Program headers define how & where to load things, notes are for small metadata.
Is your point that section headers do generally exist in ELF files, even though they're not necessary? I do agree that this "double indexing" between PHs and SHs is pretty weird and a bit odd.
Well, you'll have a SHT_NOTE section and then PT_NOTE pointing to its contents, right? So that way the notes are accessible both via section headers and program headers.
Mach-O does similarly have a distinction between sections as a link-time view, and segments as an execution-time view – a Mach-O contains one or more segments (LC_SEGMENT for 32-bit, LC_SEGMENT_64 for 64-bit), each of which contains a segment header followed by zero or more section headers, so the sections are subdivisions of the segment. Mach-O has names for both segments and sections; ELF only has names for sections.
Let me put it this way – if you wanted to add embedded digital signatures to ELF, so the kernel could verify them at runtime, similar to Mach-O LC_CODE_SIGNATURE – what is the extension point you'd use?

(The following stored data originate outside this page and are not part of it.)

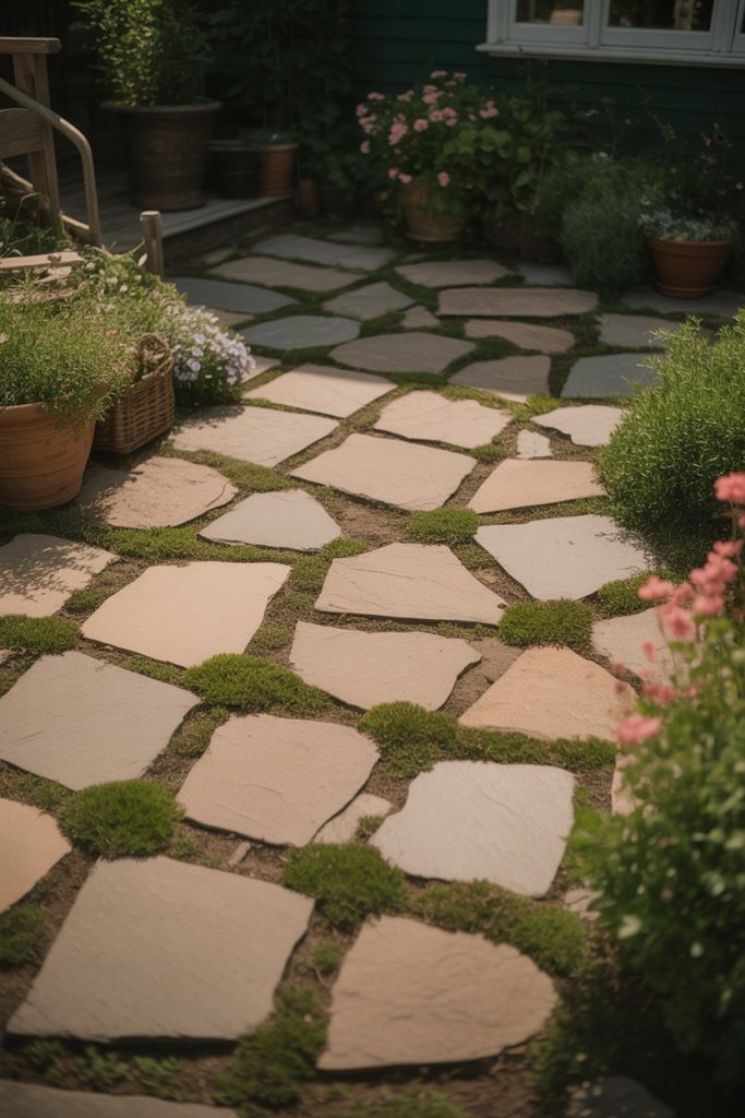 For homeowners drawn to relaxed, organic aesthetics, irregular stone flagstone creates the perfect cottage-garden atmosphere. This paving stones approach uses natural stone pieces in varying sizes fitted together like a puzzle, with gaps filled using either gravel or groundcover plants. The informal pattern suits small yard settings particularly well, as the irregular shapes create visual interest without overwhelming limited square footage.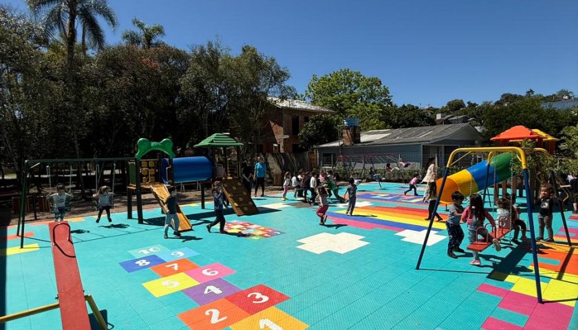 O novo espaço conta com piso modular, seis brinquedos e bancos, proporcionando um ambiente mais seguro para as crianças da escola e da comunidade
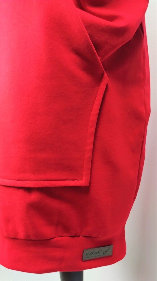 Przepiękna sukienka uszyta z wysokogatunkowej dzianiny premium w kolorze czerwonym w połączeniu z dzianiną i sznurkiem bawełnianym w kolorze czarnym, dodatkowo dzięki domieszce elastanu 6-8% jest wygodna, elastyczna, idealna na co dzień, jak i na wyjątkowe okazje.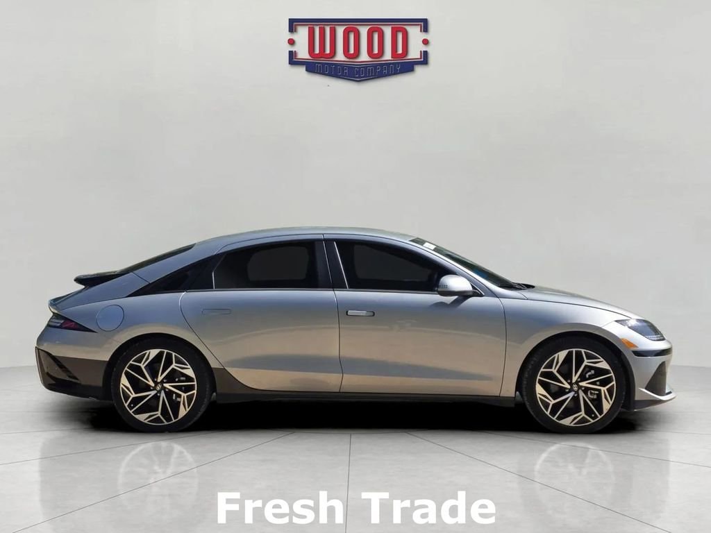 CARFAX One-Owner. IONIQ 6 SEL, 4D Sedan, Electric Motor, 1-Speed Automatic, RWD, Curated Silver, Dark Green/Gray w/H-Tex Leatherette Seating Surfaces, Apple CarPlay & Android Auto, Auto High-beam Headlights, Automatic temperature control, Cargo Blocks, Cargo Package, Electronic Stability Control, Four wheel independent suspension, Front Bucket Seats, Front dual zone A/C, Fully automatic headlights, Garage door transmitter: HomeLink, H-Tex Leatherette Seating Surfaces, harman/kardon® Speakers, Heated Front Bucket Seats, Heated front seats, Illuminated entry, Navigation System, Option Group 01, Outside temperature display, Passenger door bin, Power driver seat, Power windows, Radio: AM/FM/SiriusXM/HD Radio Audio System, Rear Reversible Cargo Tray, Remote keyless entry, Security system, Speed control, Split folding rear seat, Telescoping steering wheel, Tilt steering wheel, Traction control. Curated Silver 2023 Hyundai IONIQ 6 SEL RWD 1-Speed Automatic Electric MotorA solid name you can trust... Wood Motor. Recent Arrival! Odometer is 4829 miles below market average! 129/105 City/Highway MPG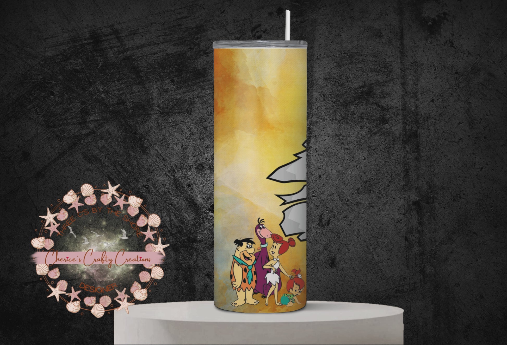 Meet The Flinstones with this 20 oz tumbler! Who doesn't remember the Flintstones? This tumbler features Fred, Wilma, Pebbles, Dino and the Rubbles; Barney, Betty and Bamm-Bamm.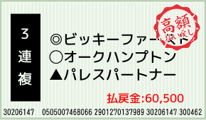 1着:◎ビッキーファースト(1人気) 2着:○オークハンプトン(2人気) 3着:▲パレスパートナー(4人気) 3連複:8-9-10:5,000円x5.1倍=25,500円 3連単:9-8-10:2,500円x14.0倍=...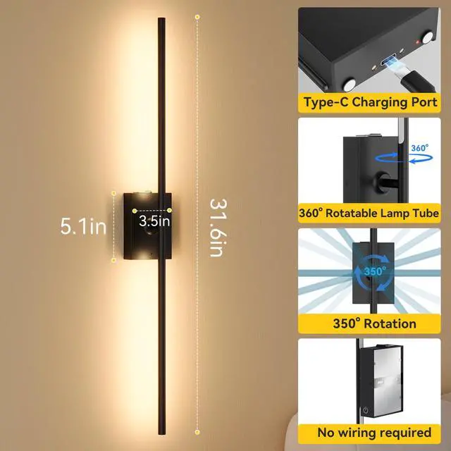 Slim and black classic farbe, suitable for modern, classic, and other interior styles, they enhance the overall look, suitable for living rooms, bedrooms, hallways, entryways, stairs, fireplaces, TV walls, pictures, and more. Wall light size: 31.6 inches height, 3.5 inches width. Please check the size you need before payment
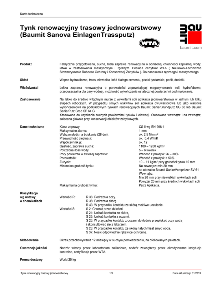 Karta techniczna Tynk renowacyjny trasowy jednowarstwowy (Baumit Sanova EinlagenTrassputz) Produkt Fabrycznie przygotowana, sucha, biała zaprawa renowacyjna o obniżonej chłonności kapilarnej wody, łatwa w zastosowaniu maszynowym i ręcznym. Posiada certyfikat WTA ( Naukowo-Techniczne Stowarzyszenie Robocze Ochrony i Konserwacji Zabytków ). Do nanoszenia ręcznego i maszynowego Skład Wapno hydrauliczne, trass, niewielka ilość białego cementu, pisaki tynkarskie, perlit, dodatki. Właściwości Lekka zaprawa renowacyjna o porowatości zapewniającej magazynowanie soli, hydrofobowa, przepuszczalna dla pary wodnej, możliwość wykończenia ostatecznej powierzchni pod malowanie. Zastosowanie Na lekko do średnio wilgotnym murze z wykwitami soli aplikacja jednowarstwowa w jednym lub kilku etapach roboczych. W przypadku silnych wykwitów soli aplikacja dwuwarstwowa lub jako warstwa wykończeniowa na podkładowych tynkach renowacyjnych Baumit SanierGrundputz SG 68 lub Baumit SanierPutz Grob SP 64 G Stosowana do uzyskania suchych powierzchni tynków i elewacji. Stosowana wewnątrz i na zewnątrz, zalecana głównie przy konserwacji obiektów zabytkowych. Dane techniczne Klasa zaprawy: Maksymalne ziarno: Wytrzymałość na ściskanie (28 dni): Przewodność cieplna λ: Współczynnik µ: Gęstość, zaprawa sucha: Potrzebna ilość wody: Pory powietrza w świeżej zaprawie: Porowatość: Zużycie: Minimalna grubość tynku: CS II wg EN-998-1 1 mm ok. 2,5 N/mm2 ok. 0,4 W/mK ok. 12 1100 – 1200 kg/m3 5 – 6 l/worek Wartość z praktyki: 26 – 30% Wartość z praktyki: > 50% 10 – 11 kg/m2 przy grubości tynku 10 mm Na zewnątrz: min 20 mm na obrzutce Baumit SanierVorspritzer SV 61 Wewnątrz: Min 20 mm przy niewielkich wykwitach soli Powyżej 20 mm przy średnich wykwitach soli Patrz Aplikacja. Maksymalna grubość tynku: Klasyfikacja wg ustawy o chemikaliach Wartości R: Wartości S: R 36: Podrażnia oczy. R 38: Podrażnia skórę. R 43: W przypadku kontaktu ze skórą możliwe uczulenie. S 2: Chronić przed dziećmi. S 24: Unikać kontaktu ze skórą. S 25: Unikać kontaktu z oczami. S 26: W przypadku kontaktu z oczami dokładnie przepłukać oczy wodą i skonsultować się z lekarzem. S 28: W przypadku kontaktu ze skórą natychmiast zmyć wodą. S 37: Nosić odpowiednie rękawice ochronne. Składowanie Okres przechowywania 12 miesięcy w suchym pomieszczeniu, na ofoliowanych paletach. Gwarancja jakości Nadzór własny przez laboratorium zakładowe, nadzór zewnętrzny przez akredytowane instytucje kontrolne, certyfikacja przez WTA. Forma dostawy Worki 25 kg Tynk renowacyjny trasowy jednowarstwowy 1/3 Data aktualizacji: 01/2013 Karta techniczna Podłoże Podłoże musi być czyste, suche, nieprzemarznięte, odpylone i wolne od luźnych części, hydrofilne, wolne od wykwitów solnych, musi także mieć odpowiednią nośność i temperaturę powyżej +50C. Występujący mech, glony i zazielenienia należy usunąć za pomocą środka Baumit SanierLösung.. W przypadku aplikacji ręcznej, na zewnątrz oraz w przypadku podłoży o złej lub różnorodnej chłonności, a także w przypadku murów zabytkowych o wymaganej różnej grubości tynku należy zawsze używać obrzutki renowacyjnej zwiększającej przyczepność Baumit SanierVorspritzer SV 61 Aplikacja Zaprawę Baumit Sanova EinlagenTrassputz miesza się z czystą wodą. Czas mieszania mieszadłem 3-5 minut. Zaprawę Baumit Sanova EinlagenTrassputz można również nakładać z pomocą agregatów tynkarskich. Wewnątrz: Znormalizowany, równy mur, grubości tynku 10 do 20 mm (jednowarstwowo), niewielka wilgotność, niewielkie wykwity soli: obrzutka opcjonalnie zaprawa Baumit Sanova EinlagenTrassputz nakładać maszynowo, zatrzeć packą filcową. Wewnątrz i na zewnątrz: Mur z cegły i z kamienia (nieregularny) lub podobny, grubość tynku min 20 mm (jednowarstwowo), niewielkie lub średnie wykwity soli: obrzutka z Baumit SanierVorspritzer SV 61, krycie do 50% (mieć na uwadze czas twardnienia), zaprawa Baumit Sanova EinlagenTrassputz nakładana maszynowo, zatrzeć packą filcową. Mur (nieregularny), grubości tynku do 30 mm (jedno- lub dwuwarstwowo), niewielka wilgotność, niewielkie wykwity soli: obrzutka z Baumit SanierVorspritzer SV 61 krycie do 50% (mieć na uwadze czas twardnienia), zaprawa Baumit Sanova EinlagenTrassputz lub Baumit SelfporSanierputz SP 64 P nakładana ręcznie lub maszynowo: 1-sza warstwa do 25 mm, powierzchnię zatrzeć na szorstko grzebieniem do tynkarskim (czas twardnienia ok. 24 godziny); 2-ga warstwa zaprawy Baumit Sanova EinlagenTrassputz min 10 mm, na tynk podkładowy Baumit SanierPutz Grob SP 64 P min 10mm zatrzeć packą filcową. Mur z cegły lub z kamienia (nieregularny), grubości tynku od 30 do maks. 80 mm (jedno- lub dwuwarstwowo), średnia wilgotność, średnie do większych wykwity soli: obrzutka z Baumit SanierVorspritzer SV 61 krycie w 50 % (mieć na uwadze czas twardnienia), zaprawa Baumit SanierGrundputz SG 68 nakładana maszynowo: 1-sza warstwa (warstwa wyrównująca), powierzchnię zatrzeć na szorstko siatką do zacierania tynku (czas twardnienia ok. 7 dni w zależności od grubości tynku, zwilżać i wietrzyć przez 2 -3 dni); 2-ga warstwa zaprawy Baumit Sanova EinlagenTrassputz o równomiernej grubości min 10 mm, zatrzeć packą filcową. Wskazówki i informacje ogólne W trakcie aplikacji i procesu twardnienia temperatura otoczenia, materiału i podłoża musi wynosić powyżej +50C. Przed każdym kolejnym nałożeniem warstwy zachowywać okres twardnienia min. 7 dni na każdy cm grubości tynku. Wykończenie na zewnątrz: Baumit NanoporTop na Baumit UniPrimer Baumit NanoporColor Baumit SilikatTop na Baumit UniPrimer Baumit SilikatColor Baumit SilikonTop na Baumit UniPrimer Baumit SilikonColor Tynk renowacyjny trasowy jednowarstwowy 2/3 Data aktualizacji: 01/2013 Karta techniczna Wykończenie wewnątrz: Baumit SilikatColor Baumit SilikonColor Okres wytrzymałości systemu r

The Linux kernel supports digital signatures for ELF executables in conjunction with IMA, but instead of storing the signature in the executable like Mach-O does, it stores it in a filesystem xattr.
> Well, you'll have a SHT_NOTE section and then PT_NOTE pointing to its contents, right?
No, the PT_NOTE points directly at parts of the file. The SHT_NOTE is still there because tools don't bother removing it, but it's essentially wrong to use any section information on a finished binary. The loader and dynamic linker don't.
> […] so the sections are subdivisions of the segment. […]
Ok, I'll say this is probably cleaner than the ELF n:m relationship between PT_LOAD blocks and sections. I guess the ELF way is a tiny bit more efficient (since there's fewer instructions for the loader to follow) but that really doesn't matter in face of the cost of doing relocations.
> Let me put it this way – if you wanted to add embedded digital signatures to ELF, […]
Hm. I'm not a libc/kernel developer, so take this with multiple grains of salt, but my train of thought would be this:
There's already GNU_RELRO which makes a statement about "spans" in the file. I'm not sure if it even makes sense to sign a binary partially, but let's say it does. In that case, I'd start with a new PT_SIGNED, of which there could be multiple, defining chunks of the file to be signed. Unfortunately, the signature itself can't be put into that same header, since it has no payload. (Actually... I guess e_phentsize could be bumped up. Hmm. Not sure how much breakage that would cause. But also, then you'd need to skip the signatures in the middle of program headers…) Left with having to put the signature(s) somewhere (one? multiple, if multiple chunks are getting signed? not sure.) - hmm, I'm torn between notes and a second new program header. I'm slightly leaning towards notes, but don't really know.
[Ed.:] oh, wait. The hypothetical PT_SIGNED program header would probably only use the PhysAddr / FileSize fields. The VirtAddr could point at the actual signature. (Or other way around?) A little hacky, but could maybe be executed well enough to not turn extremely ugly…
That's a true statement, but what's the argument?